The model decides when to call your functions based on the user’s query. You declare the tools, describe what they do clearly in the @Description, and the framework handles the orchestration. The description quality matters enormously — vague descriptions lead the model to call the wrong tool or skip it entirely.

Error Handling and Rate Limiting

AI APIs fail. They rate-limit you, they time out, and occasionally they return content-policy refusals. Production code must distinguish retryable from non-retryable failures. The framework helps by splitting exceptions into TransientAiException (retry with backoff) and NonTransientAiException (fail fast, log, surface to the caller). Wrapping the client in a Resilience4j rate limiter and an exponential-backoff retry loop covers the vast majority of real incidents.

Production Considerations and Trade-offs

Running AI features in production is not just about making API calls. The honest picture includes several recurring concerns.

Cost control is critical. A single frontier-model call can cost a few cents, and benchmarks from teams running these workloads show that naive request volume multiplied across thousands of users becomes a real budget line.
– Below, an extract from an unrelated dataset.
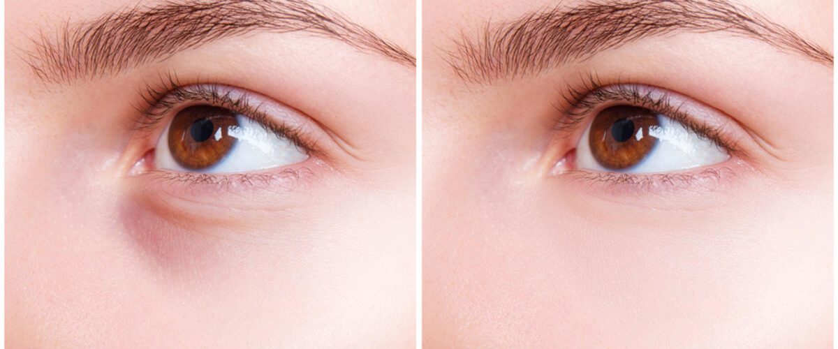 Predeo oko oka pre i posle šminkanja ciljanog na neutralisanje i prekrivanje podočnjaka i tamnih kolutova
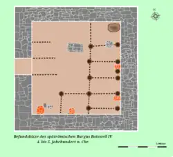 - ↑ Franziska Sophie Reinhart: Wachttürme und burgi im Hinterland des raetischen Limes in der mittleren und späten Kaiserzeit. Masterarbeit im Studiengang Provinzialrömische Archäologie. Ludwig-Maximilians-Universität München Institut für Vor- und Frühgeschichtliche Archäologie und Provinzialrömische Archäologie. München 2022, S. 41.

Cache aggressively — identical or near-identical queries should hit a cache, not the API.

@Cacheable(value = "ai-responses", key = "#prompt.hashCode()")
public String getCachedResponse(String prompt) {
    return chatClient.prompt().user(prompt).call().content();
}

Latency varies wildly, from a few hundred milliseconds to tens of seconds depending on model, prompt length, and provider load. Stream responses to users when possible, run calls on virtual threads, and set aggressive timeouts so a slow upstream never ties up a request thread indefinitely.

When NOT to reach for this framework. Honesty matters here. If your AI feature is a single, stable call to one provider and you never plan to swap models, add RAG, or use tool calling, the abstraction layer earns little — a thin HTTP client may be simpler. Likewise, teams with a heavy existing Python ML platform and mature LangChain pipelines should not rewrite working infrastructure just to keep everything in the JVM. The framework shines when AI is a recurring, evolving concern across a Java codebase, not a one-off curiosity.

Concern	Strategy
Cost	Cache responses, route simple tasks to cheaper models, set budget alerts
Latency	Stream responses, use async on virtual threads, set timeouts
Quality	Version prompts, A/B test, log and review outputs
Security	Sanitize inputs, validate outputs, never trust model responses blindly
Reliability	Retry with backoff, circuit breakers, fallback responses

Final Thoughts

The framework makes the Java ecosystem a first-class citizen in the AI application space. You do not need to switch to Python to build intelligent features. The same dependency injection, the same testing patterns, and the same deployment pipelines you already know all apply directly. What excites most teams is not the technology itself but what it enables: RAG-powered knowledge bases, agents with tool use, and intelligent automation without leaving the JVM.

Key Takeaways

Start with a solid foundation and build incrementally based on your requirements
Test thoroughly in staging before deploying to production environments
Monitor performance metrics and iterate based on real-world data
Follow security best practices and keep dependencies up to date
Document architectural decisions for future team members

For further reading, refer to the Spring Boot documentation and the Oracle Java documentation for comprehensive reference material. You may also find the discussion of vector databases with pgvector useful when sizing your retrieval layer.

In conclusion, Spring AI is an essential topic for modern software development. By applying the patterns and practices covered in this guide, you can build more robust, scalable, and maintainable systems. Start with the fundamentals, iterate on your implementation, and continuously measure results to ensure you are getting the most value from these approaches.